Gremlin's 2024 year-end Release Roundup
It’s been a busy year at Gremlin! We released two new experiments, added an entirely new onboarding process and features for AWS users, added a brand new Test Suite and Detected Risks, and made many UI improvements to our web app. We beefed up our agents with more enterprise capabilities, including support for large Kubernetes clusters and systems with over 64 CPUs, improved experiment behaviors, improved dependency detection, and per-team Private Network Integrations.
Keep reading for a complete look at everything Gremlin’s released in 2024!
Brand new experiments
Simulate massively parallel workloads with the new Process Exhaustion experiment
The Process Exhaustion experiment simulates running processes on a system to consume process IDs (PIDs). This lets you test your systems’ ability to handle massively concurrent workloads, such as container orchestration tools and large-scale web and proxy servers. You can use this to determine:
How many processes your systems can handle before becoming unstable
- How your services respond when the host runs out of PIDs
- Whether your PID limits are being enforced across your services
You can find this new experiment under the State category of experiments for Windows and Linux, and it’s ready to be incorporated into your Scenarios and Reliability Management Test Suites.
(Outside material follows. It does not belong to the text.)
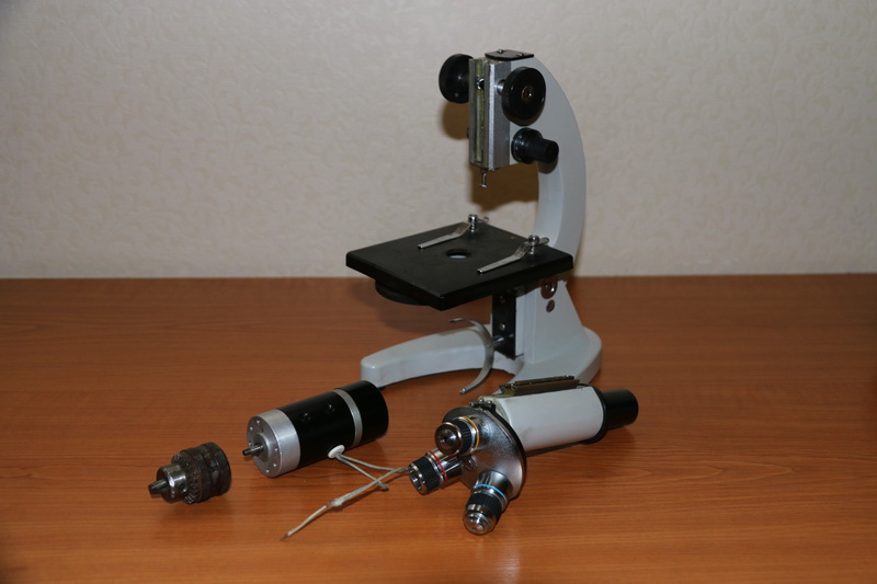 Давно мечтал об более менее приличной сверлилке. То, что продают в Жданах....не принимало сознание, а в фирменных девайсах, не устраивал мин. размер патрона.Покопавшись в закромах коллективного разума, выбор пал на старый микроскоп...Точнее на привод гайка-рейка, для вертикальной подачи.

Check out our blog post for more details.
Build reliable GPU workloads
Organizations have been investing substantially in GPU workloads, with the industry expected to more than quadruple to $274B by 2029. These same workloads can have massive impacts if they fail, such as generative AI systems becoming unresponsive, streaming events losing signal, and expensive simulations having to recalculate.
Gremlin’s new GPU experiment lets you test your GPU-based workloads and discover failure modes before they impact your users. You can stress your GPU by consuming compute capacity on hosts, containers, and Kubernetes resources. For more thorough stress testing, you can use Scenarios to run this experiment in parallel with others, such as system-level CPU, memory, or network experiments.
“With the rise of Large Language Models (LLMs)—Megascale, LLaMa, Gemini, GPT4—ML training shifted the scale of a single training job from tens to tens of thousands…At such scale, failures are not a matter of if, but a matter of when.” - Fundamental AI Research (FAIR) Team, Meta
Learn more in our documentation.
All new AWS workflow
Effortlessly onboard your AWS-based services
Gremlin can now automatically discover services running on AWS! Gremlin can already leverage your CloudWatch metrics for Health Checks, and we’ve expanded on this integration to include services.
Gremlin uses your Elastic Load Balancers (ELBs) to detect service routes and can automatically translate these into Gremlin services for running reliability tests. You don’t need to manually define the services yourself or add annotations to your manifests when using EKS. Just deploy the Gremlin agent, grant Gremlin IAM access, and choose which services you want to test in just a few clicks.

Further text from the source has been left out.